### DIRECTIONS FOR THIS TASK
Exact repetition of a range: find the line containing "Re: Harmonie 00Z: Lokaal" and the line containing "The car has" in the material below, then repeat both and all lines between them, leaving pictures out.
START DATASET CONTENT
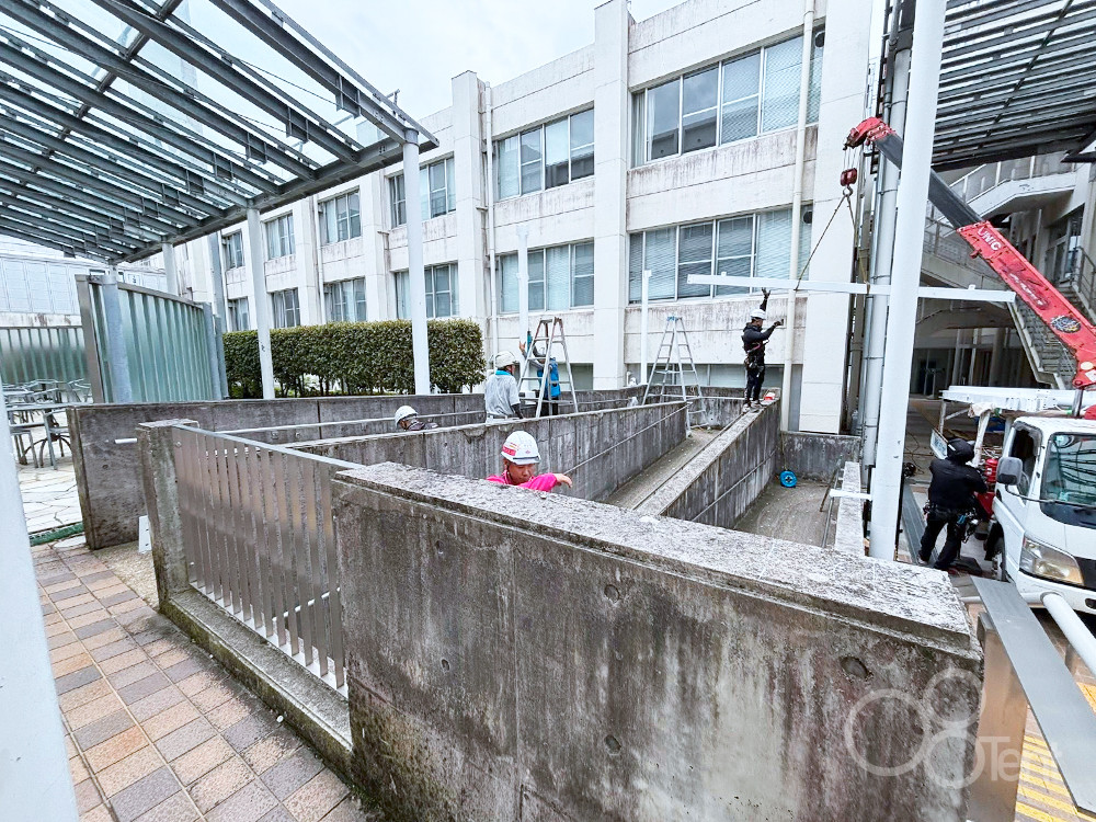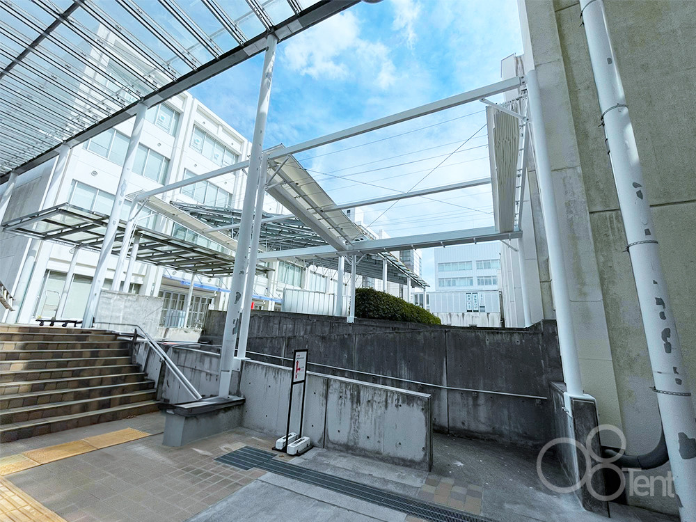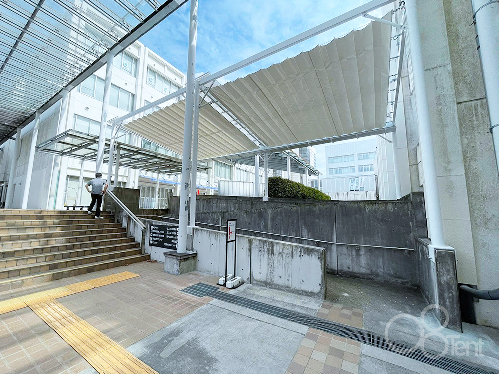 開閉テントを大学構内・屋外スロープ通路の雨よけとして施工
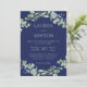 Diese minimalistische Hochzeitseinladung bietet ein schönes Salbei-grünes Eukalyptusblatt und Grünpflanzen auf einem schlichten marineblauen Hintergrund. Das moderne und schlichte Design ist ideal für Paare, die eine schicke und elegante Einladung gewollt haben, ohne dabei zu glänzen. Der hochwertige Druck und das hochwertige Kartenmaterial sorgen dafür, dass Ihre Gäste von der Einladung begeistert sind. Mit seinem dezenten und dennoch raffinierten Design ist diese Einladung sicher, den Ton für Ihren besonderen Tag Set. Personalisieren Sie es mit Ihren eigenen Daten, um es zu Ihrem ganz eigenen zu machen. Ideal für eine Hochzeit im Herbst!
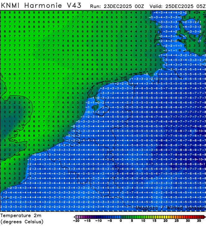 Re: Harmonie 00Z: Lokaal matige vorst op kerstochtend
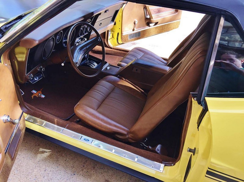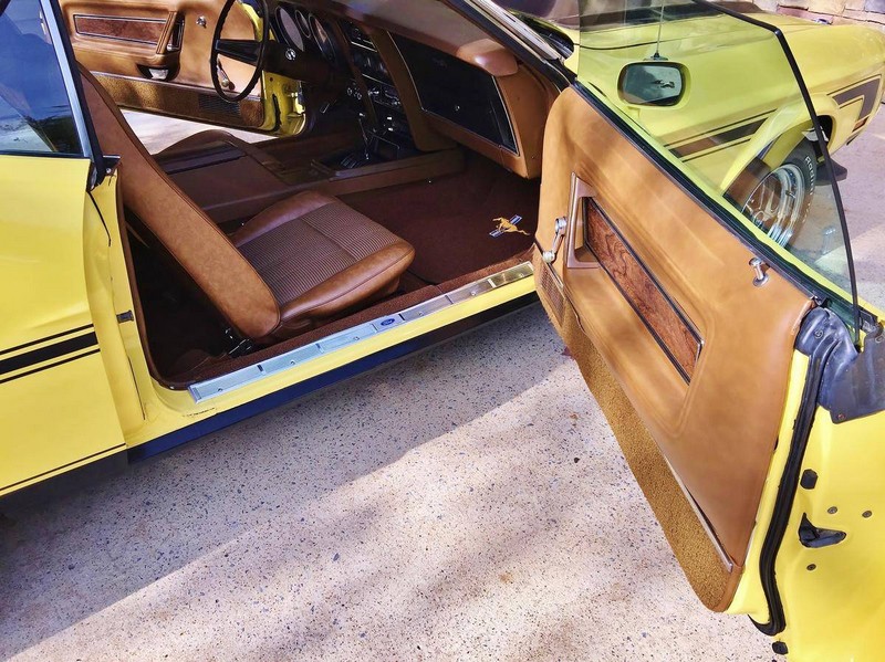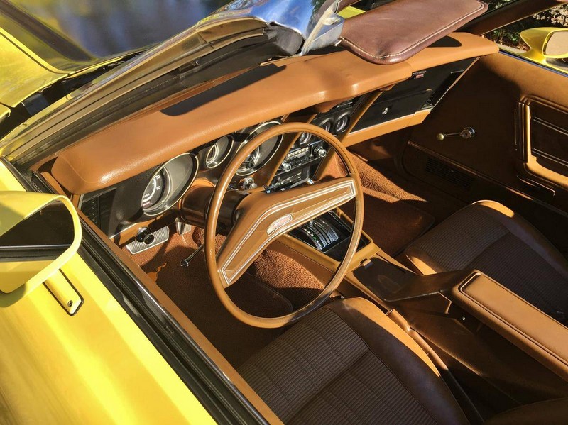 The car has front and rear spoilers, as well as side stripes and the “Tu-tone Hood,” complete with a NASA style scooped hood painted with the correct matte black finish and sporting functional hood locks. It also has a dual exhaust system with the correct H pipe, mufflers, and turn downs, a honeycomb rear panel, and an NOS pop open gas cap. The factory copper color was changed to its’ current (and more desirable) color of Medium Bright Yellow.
END DATASET CONTENT
START DATASET CONTENT
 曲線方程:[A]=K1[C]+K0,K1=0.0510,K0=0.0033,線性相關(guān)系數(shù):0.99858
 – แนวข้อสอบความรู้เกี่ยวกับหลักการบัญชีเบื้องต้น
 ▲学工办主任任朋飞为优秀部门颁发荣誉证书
END DATASET CONTENT
### RESULT FOR THIS EXERCISE
 Re: Harmonie 00Z: Lokaal matige vorst op kerstochtend
 The car has front and rear spoilers, as well as side stripes and the “Tu-tone Hood,” complete with a NASA style scooped hood painted with the correct matte black finish and sporting functional hood locks. It also has a dual exhaust system with the correct H pipe, mufflers, and turn downs, a honeycomb rear panel, and an NOS pop open gas cap. The factory copper color was changed to its’ current (and more desirable) color of Medium Bright Yellow.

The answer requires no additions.